→ **EXTRACTED RECORDS**:
══════

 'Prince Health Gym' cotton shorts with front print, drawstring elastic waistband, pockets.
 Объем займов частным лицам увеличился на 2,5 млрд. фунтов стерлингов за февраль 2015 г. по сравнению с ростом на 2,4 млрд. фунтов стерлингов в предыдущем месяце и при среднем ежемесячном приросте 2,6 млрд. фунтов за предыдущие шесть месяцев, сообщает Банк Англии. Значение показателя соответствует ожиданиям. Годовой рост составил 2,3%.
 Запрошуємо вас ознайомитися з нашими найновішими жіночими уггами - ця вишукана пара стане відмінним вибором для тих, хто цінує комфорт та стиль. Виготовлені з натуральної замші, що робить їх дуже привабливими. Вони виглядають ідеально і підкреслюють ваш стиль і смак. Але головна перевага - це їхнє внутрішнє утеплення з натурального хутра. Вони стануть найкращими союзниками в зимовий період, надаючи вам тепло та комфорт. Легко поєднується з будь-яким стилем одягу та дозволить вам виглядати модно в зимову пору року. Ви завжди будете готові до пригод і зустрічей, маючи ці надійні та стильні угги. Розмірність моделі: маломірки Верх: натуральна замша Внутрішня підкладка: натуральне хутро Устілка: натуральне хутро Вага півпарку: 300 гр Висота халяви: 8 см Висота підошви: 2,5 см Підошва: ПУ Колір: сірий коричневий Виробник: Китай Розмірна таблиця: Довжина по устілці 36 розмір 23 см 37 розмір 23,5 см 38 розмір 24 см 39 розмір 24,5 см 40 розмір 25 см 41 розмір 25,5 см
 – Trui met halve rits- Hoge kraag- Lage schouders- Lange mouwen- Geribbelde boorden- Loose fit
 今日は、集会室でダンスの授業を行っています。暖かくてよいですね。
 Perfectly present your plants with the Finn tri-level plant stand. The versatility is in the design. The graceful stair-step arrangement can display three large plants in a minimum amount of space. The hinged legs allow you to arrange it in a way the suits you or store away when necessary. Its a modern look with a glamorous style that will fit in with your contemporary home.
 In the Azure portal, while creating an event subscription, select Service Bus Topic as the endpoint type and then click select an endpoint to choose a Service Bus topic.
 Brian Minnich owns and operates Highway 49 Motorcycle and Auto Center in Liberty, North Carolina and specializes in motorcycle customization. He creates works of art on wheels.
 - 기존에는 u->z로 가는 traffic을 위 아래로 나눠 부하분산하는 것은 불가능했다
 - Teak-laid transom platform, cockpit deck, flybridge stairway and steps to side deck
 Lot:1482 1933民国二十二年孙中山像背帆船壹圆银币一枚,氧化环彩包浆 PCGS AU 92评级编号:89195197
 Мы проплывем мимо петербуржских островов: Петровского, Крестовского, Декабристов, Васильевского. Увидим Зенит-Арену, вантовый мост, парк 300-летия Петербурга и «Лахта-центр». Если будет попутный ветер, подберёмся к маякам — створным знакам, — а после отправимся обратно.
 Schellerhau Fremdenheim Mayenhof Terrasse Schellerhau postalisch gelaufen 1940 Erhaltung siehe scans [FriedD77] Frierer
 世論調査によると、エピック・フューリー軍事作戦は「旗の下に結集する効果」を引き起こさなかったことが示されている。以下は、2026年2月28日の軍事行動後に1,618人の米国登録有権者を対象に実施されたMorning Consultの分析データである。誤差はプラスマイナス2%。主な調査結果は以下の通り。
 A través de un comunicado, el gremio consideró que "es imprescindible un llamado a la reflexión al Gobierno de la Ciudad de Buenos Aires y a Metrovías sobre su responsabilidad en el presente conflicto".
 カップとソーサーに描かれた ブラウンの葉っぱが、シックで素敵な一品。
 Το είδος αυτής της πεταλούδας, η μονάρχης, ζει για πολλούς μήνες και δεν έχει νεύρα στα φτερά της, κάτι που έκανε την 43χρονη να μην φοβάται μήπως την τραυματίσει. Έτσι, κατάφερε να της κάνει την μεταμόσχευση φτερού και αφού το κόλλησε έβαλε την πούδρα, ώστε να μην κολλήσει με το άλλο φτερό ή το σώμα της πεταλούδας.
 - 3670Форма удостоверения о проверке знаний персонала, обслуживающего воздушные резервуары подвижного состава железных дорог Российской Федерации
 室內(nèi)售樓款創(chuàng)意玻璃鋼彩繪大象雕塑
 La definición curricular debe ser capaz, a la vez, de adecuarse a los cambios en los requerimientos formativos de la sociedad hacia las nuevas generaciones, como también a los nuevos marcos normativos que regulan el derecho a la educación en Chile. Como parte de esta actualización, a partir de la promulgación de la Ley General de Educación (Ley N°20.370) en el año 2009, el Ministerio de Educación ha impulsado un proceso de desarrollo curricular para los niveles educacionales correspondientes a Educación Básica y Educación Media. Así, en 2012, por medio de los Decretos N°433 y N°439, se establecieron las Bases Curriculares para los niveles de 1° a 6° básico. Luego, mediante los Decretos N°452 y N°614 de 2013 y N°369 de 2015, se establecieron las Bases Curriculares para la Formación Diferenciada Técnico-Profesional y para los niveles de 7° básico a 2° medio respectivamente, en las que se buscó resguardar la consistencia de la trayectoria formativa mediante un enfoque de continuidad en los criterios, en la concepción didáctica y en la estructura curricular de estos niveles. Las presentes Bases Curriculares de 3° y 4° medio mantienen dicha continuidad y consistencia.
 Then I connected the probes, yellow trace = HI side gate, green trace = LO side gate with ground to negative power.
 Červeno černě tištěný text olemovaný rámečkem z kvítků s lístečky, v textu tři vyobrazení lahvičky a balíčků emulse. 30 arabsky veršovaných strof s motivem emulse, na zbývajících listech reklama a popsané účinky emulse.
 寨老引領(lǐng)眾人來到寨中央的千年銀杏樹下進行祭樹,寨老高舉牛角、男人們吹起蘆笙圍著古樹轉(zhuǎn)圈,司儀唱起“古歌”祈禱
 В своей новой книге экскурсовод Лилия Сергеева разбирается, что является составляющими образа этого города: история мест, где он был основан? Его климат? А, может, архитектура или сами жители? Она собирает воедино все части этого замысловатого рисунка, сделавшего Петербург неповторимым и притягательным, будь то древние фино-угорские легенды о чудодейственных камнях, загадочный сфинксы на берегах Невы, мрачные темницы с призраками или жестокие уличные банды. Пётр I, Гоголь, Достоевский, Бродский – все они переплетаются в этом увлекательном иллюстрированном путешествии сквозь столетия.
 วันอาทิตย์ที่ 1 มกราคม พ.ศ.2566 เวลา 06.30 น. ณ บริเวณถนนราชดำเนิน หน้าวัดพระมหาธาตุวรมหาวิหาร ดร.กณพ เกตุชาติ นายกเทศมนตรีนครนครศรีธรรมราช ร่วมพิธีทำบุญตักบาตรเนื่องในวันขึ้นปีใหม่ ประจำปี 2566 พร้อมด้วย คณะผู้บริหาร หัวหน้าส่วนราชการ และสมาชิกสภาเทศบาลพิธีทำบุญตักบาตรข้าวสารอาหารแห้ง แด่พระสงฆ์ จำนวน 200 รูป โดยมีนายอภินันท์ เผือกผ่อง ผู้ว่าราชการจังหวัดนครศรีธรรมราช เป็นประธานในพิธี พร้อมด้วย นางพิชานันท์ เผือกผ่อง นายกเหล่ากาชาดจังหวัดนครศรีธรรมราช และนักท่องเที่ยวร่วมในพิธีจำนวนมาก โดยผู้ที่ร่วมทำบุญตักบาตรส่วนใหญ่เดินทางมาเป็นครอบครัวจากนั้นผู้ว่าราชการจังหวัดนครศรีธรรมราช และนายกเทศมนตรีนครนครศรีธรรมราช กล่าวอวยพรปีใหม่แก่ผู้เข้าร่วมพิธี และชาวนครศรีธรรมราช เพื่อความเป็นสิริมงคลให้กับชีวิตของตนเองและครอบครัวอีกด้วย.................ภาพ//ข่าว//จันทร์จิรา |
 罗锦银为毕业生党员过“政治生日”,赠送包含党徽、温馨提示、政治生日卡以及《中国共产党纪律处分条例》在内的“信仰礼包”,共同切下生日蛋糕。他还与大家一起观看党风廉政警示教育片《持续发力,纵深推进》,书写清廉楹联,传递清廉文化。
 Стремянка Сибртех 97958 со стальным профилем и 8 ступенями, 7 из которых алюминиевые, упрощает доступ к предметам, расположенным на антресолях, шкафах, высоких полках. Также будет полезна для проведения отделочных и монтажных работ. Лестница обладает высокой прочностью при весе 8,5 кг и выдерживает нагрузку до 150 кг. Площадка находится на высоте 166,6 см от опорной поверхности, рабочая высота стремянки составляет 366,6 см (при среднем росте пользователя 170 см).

══════

→ **TASK**:
A word-for-word restatement of the records above from the line containing "วันอาทิตย์ที่ 1 มกราคม" to their final line is all the answer should hold.

→ **RESPONSE TO THIS EXERCISE**:
 วันอาทิตย์ที่ 1 มกราคม พ.ศ.2566 เวลา 06.30 น. ณ บริเวณถนนราชดำเนิน หน้าวัดพระมหาธาตุวรมหาวิหาร ดร.กณพ เกตุชาติ นายกเทศมนตรีนครนครศรีธรรมราช ร่วมพิธีทำบุญตักบาตรเนื่องในวันขึ้นปีใหม่ ประจำปี 2566 พร้อมด้วย คณะผู้บริหาร หัวหน้าส่วนราชการ และสมาชิกสภาเทศบาลพิธีทำบุญตักบาตรข้าวสารอาหารแห้ง แด่พระสงฆ์ จำนวน 200 รูป โดยมีนายอภินันท์ เผือกผ่อง ผู้ว่าราชการจังหวัดนครศรีธรรมราช เป็นประธานในพิธี พร้อมด้วย นางพิชานันท์ เผือกผ่อง นายกเหล่ากาชาดจังหวัดนครศรีธรรมราช และนักท่องเที่ยวร่วมในพิธีจำนวนมาก โดยผู้ที่ร่วมทำบุญตักบาตรส่วนใหญ่เดินทางมาเป็นครอบครัวจากนั้นผู้ว่าราชการจังหวัดนครศรีธรรมราช และนายกเทศมนตรีนครนครศรีธรรมราช กล่าวอวยพรปีใหม่แก่ผู้เข้าร่วมพิธี และชาวนครศรีธรรมราช เพื่อความเป็นสิริมงคลให้กับชีวิตของตนเองและครอบครัวอีกด้วย.................ภาพ//ข่าว//จันทร์จิรา |
 罗锦银为毕业生党员过“政治生日”,赠送包含党徽、温馨提示、政治生日卡以及《中国共产党纪律处分条例》在内的“信仰礼包”,共同切下生日蛋糕。他还与大家一起观看党风廉政警示教育片《持续发力,纵深推进》,书写清廉楹联,传递清廉文化。
 Стремянка Сибртех 97958 со стальным профилем и 8 ступенями, 7 из которых алюминиевые, упрощает доступ к предметам, расположенным на антресолях, шкафах, высоких полках. Также будет полезна для проведения отделочных и монтажных работ. Лестница обладает высокой прочностью при весе 8,5 кг и выдерживает нагрузку до 150 кг. Площадка находится на высоте 166,6 см от опорной поверхности, рабочая высота стремянки составляет 366,6 см (при среднем росте пользователя 170 см).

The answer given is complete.